--- Extracted material Enclosed Below ---

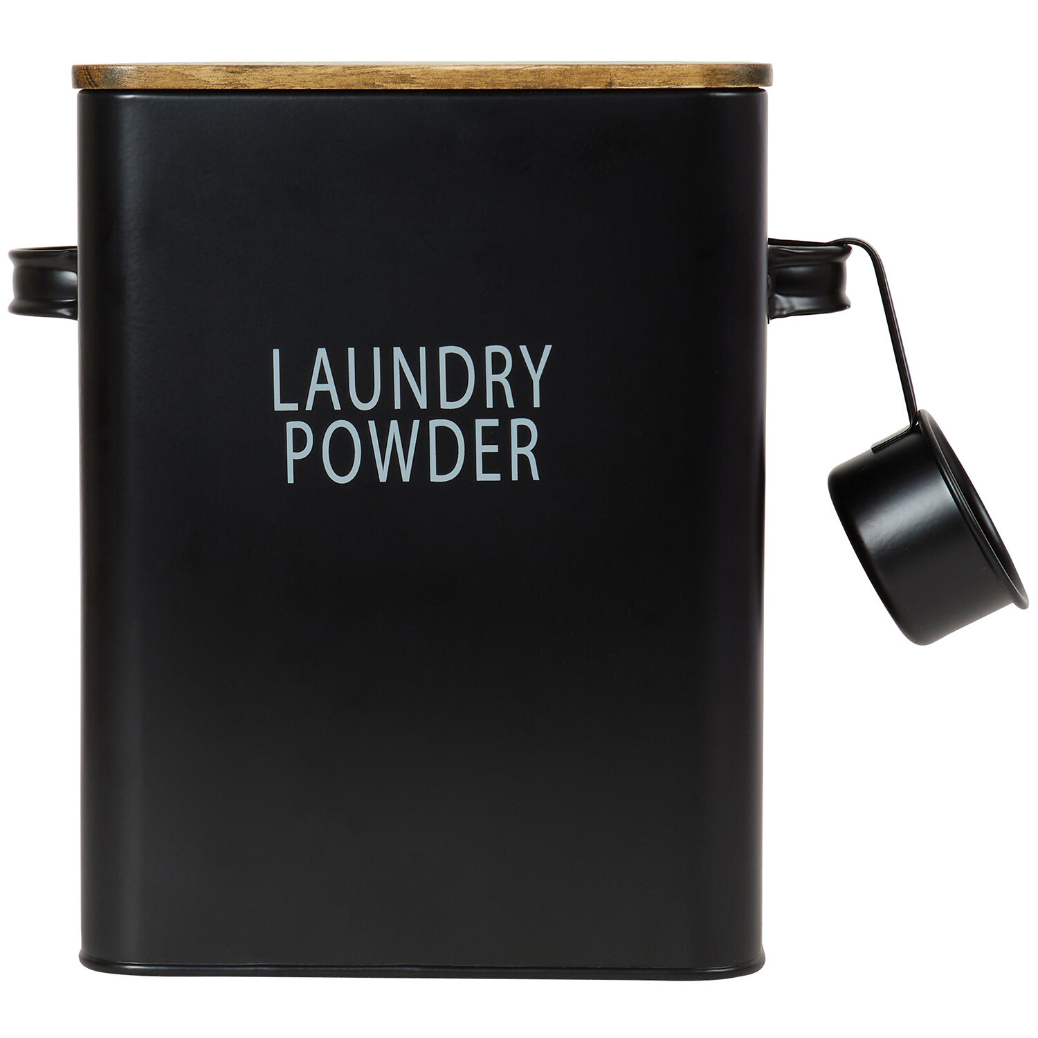 Get rid of unsightly powder boxes and tidy up your cleaning cupboard with this Malmo Laundry Powder Box with Dark Wood Lid. This matte black box modernises and updates your utility room or cupboard and even comes with a metal scoop for washing powder. It will look fantastic sitting on countertops or in your kitchen cupboard and is finished with a rustic wooden lid for a minimalist, Scandinavian effect.
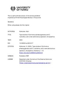 Type studies of Cortinarius phaeopygmaeus and C. rusticellus, and a new salicticolous species C. chrysophilus
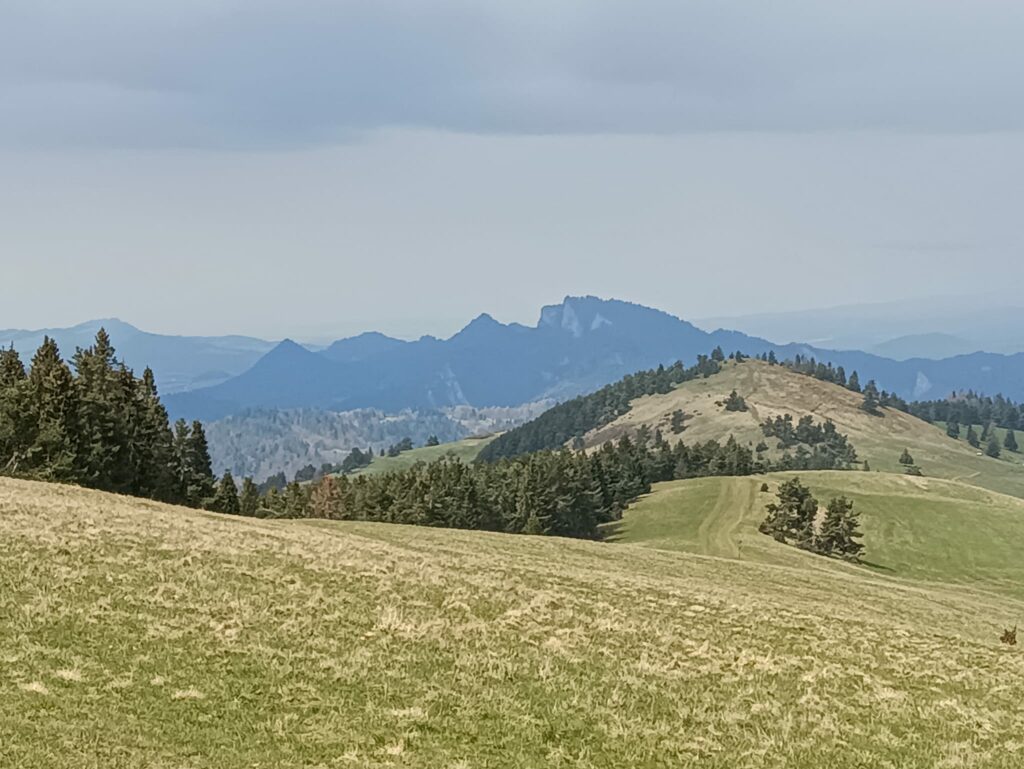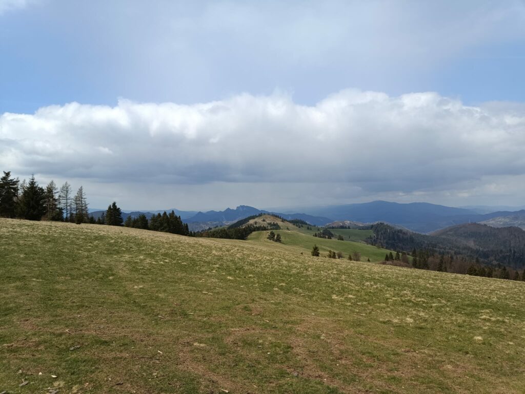Później wędrowaliśmy grzbietem Małych Pienin na szczyt Wysokiego Wierchu skąd roztacza się rozległa panorama w stronę Słowacji 🇸🇰, Tatr 🏔 oraz Beskidów.
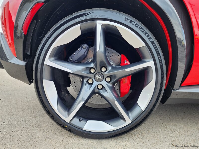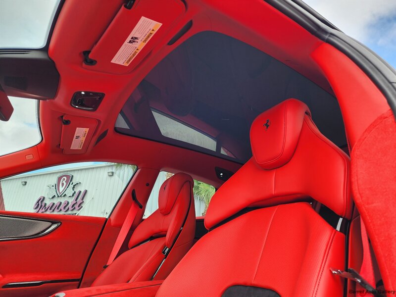 2026 Ferrari Purosangue in excellent overall condition with under 110 miles . Factory-standard equipment includes a naturally aspirated 6.5-liter V12 (approximately 715 hp) mated to an 8-speed dual-clutch transmission, performance-tuned adaptive suspension, four-wheel steering and advanced traction/torque management with selectable drive modes, carbon-ceramic brakes, LED headlights and aerodynamic exterior elements, premium leather four-seat interior with heated/ventilated front seats, dual-zone climate control, factory navigation and infotainment with smartphone integration (Apple CarPlay/Android Auto), premium audio, rearview camera and parking sensors, plus full complement of airbags, ABS and electronic stability control.
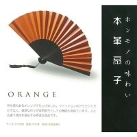 本革扇子 オレンジ(レザーファン 牛本革使用)
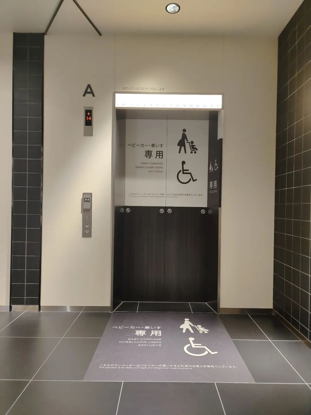 該類(lèi)電梯的按鈕會(huì)低于普通直梯,方便坐在輪椅上的消費(fèi)者觸摸。根據(jù)我現(xiàn)場(chǎng)觀察來(lái)看,即使電梯非常擁擠緩慢,顧客們?nèi)詴?huì)自覺(jué)避開(kāi)專(zhuān)用電梯,選擇其它電梯通行。
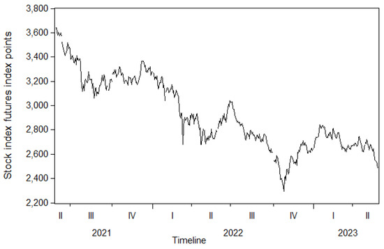 Our return analysis included daily data from 31 May 2021 to 31 May 2023: the opening price, closing price, highest price, lowest price, and trading volume of the main continuous contracts of SSE 50 stock index futures, as well as the closing price of the offshore RMB exchange rate (USD/RMB). Due to some inconsistencies between the opening dates of the SSE 50 stock index futures and the offshore RMB exchange rate, it was necessary to clean and sort the data of the two. The data source for this study was a certain financial terminal.
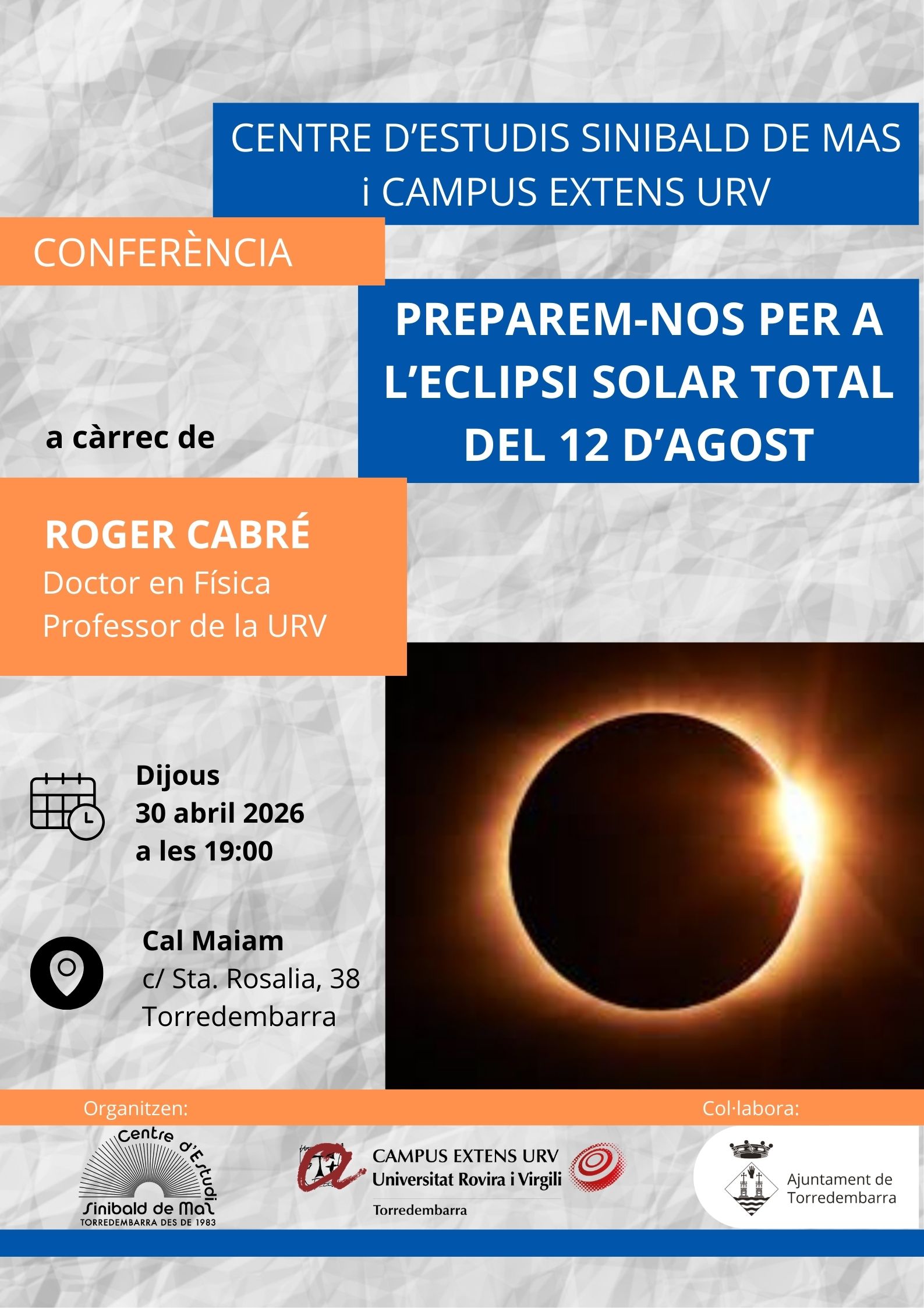 Preparem-nos per a l'eclipsi solar total del 12 d'agost - Torredembarra (30/04/2026)

--- End of Enclosed Extracted material ---

With all pictures omitted, return exactly the lines from the one containing "該類(lèi)電梯的按鈕會(huì)低于" through the end of the entries above.

- _Written response_
 該類(lèi)電梯的按鈕會(huì)低于普通直梯,方便坐在輪椅上的消費(fèi)者觸摸。根據(jù)我現(xiàn)場(chǎng)觀察來(lái)看,即使電梯非常擁擠緩慢,顧客們?nèi)詴?huì)自覺(jué)避開(kāi)專(zhuān)用電梯,選擇其它電梯通行。
 Our return analysis included daily data from 31 May 2021 to 31 May 2023: the opening price, closing price, highest price, lowest price, and trading volume of the main continuous contracts of SSE 50 stock index futures, as well as the closing price of the offshore RMB exchange rate (USD/RMB). Due to some inconsistencies between the opening dates of the SSE 50 stock index futures and the offshore RMB exchange rate, it was necessary to clean and sort the data of the two. The data source for this study was a certain financial terminal.
 Preparem-nos per a l'eclipsi solar total del 12 d'agost - Torredembarra (30/04/2026)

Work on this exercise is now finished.